Supporting patients who experience anxiety, depression, insomnia often is a long arduous task for both the patient and provider. Although these conditions have standard labels, there often are many changing factors as contributors, never mind that supplements which have been introduced also can change the playing field. With the information that is now available with genetic assessment, specific nutrient supplementation or nutrient forms such as methylated folate or methylcobalamin are more thoughtfully directed at supporting the biological pathways which impact neurotransmitter balance and symptoms such as these. Even though these nutrients may help facilitate enzymatic function and neurotransmitter metabolism, it still is worthwhile to consider other aspects of physiology which may be dysfunctional in these clinical settings, and how supplemental therapies may be directed at addressing them.

A dysfunctional HPA axis

Hyperactivity of the hypothalamic-pituitary-adrenal (HPA) axis and increased basal cortisol levels are commonly found in patients with depression.[1] Studies have shown that there is a reduced sensitivity of the glucocorticoid receptor at the level of the hypothalamus and pituitary, leading to impaired negative feedback as demonstrated by the dexamethasone suppression test.[2],[3] Animal studies have shown that cortisol inhibits melatonin synthesis in settings of stress,[4] while human studies showing similar effects with prednisolone therapies corroborate this finding.[5] Given these findings, it may not be surprising that sleeping difficulties are associated with depression. On the other hand, in long-standing anxiety disorders, a lower cortisol awakening response has been observed, although findings from studies investigating total cortisol response are inconsistent.[6] None-the-less, sleep difficulties are common with anxiety disorders and associated with descriptions such as “active brain” or “difficulty turning off,” i.e. mental activity or worrying.
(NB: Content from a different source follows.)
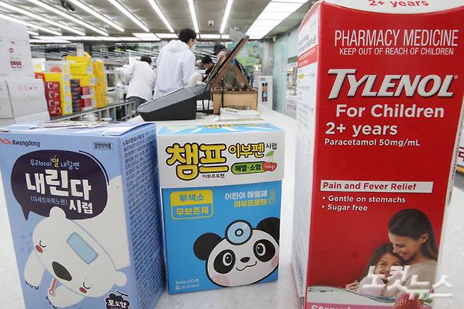 아세트아미노펜 계열의 어린이 해열제들이 판매 중지로 품귀 조짐을 보이고 있는 가운데 29일 서울의 한 약국에 어린이 해열제가 놓여있다. 국내 판매 1·2위 제품인 콜대원키즈펜시럽과 챔프시럽이 모두 최근 한 달 사이 제조와 판매가 중단됐다. 콜대원키즈펜시럽은 맑은 액과 불투명액이 섞이지 않는 '상 분리 현상', 챔프시럽은 흰색 시럽이 갈색으로 변해 문제가 됐다. 류영주 기자
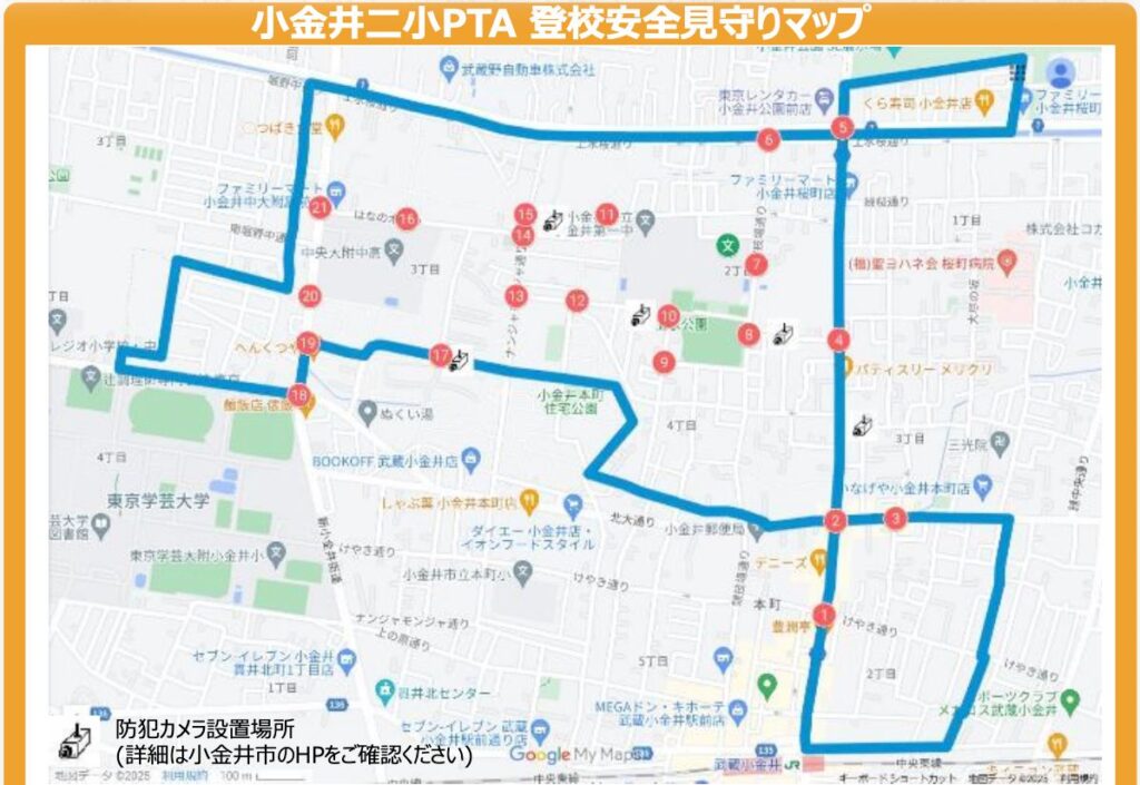 | ㉑ | 新小金井街道 中大付属・ファミリーマート前交差点 | 2名 | 7:40~8:00 |

Are brain wave patterns to blame?

The alpha rhythm of brain wave patterns, known as alpha waves, predominantly occur during wakeful relaxation with closed eyes, and are present during activities such as meditation.[7] Mixed findings exist concerning the alpha wave activity in conditions of anxiety, depression, and insomnia likely due to the existence of slower and faster alpha waves, different regions of centralization, and other coexisting conditions.[8],[9] Interestingly, alpha wave activity also may be inversely associated with systemic cortisol levels, as a study of individuals practicing yoga suggests. In this study of seasoned yoga practitioners, it was found that during their yoga practice alpha wave activity increased, associated with a decrease in cortisol.[10] An increase in alpha wave activity overall is associated with an alert yet relaxed state and improved concentration, both of which are often impacted in depression and anxiety.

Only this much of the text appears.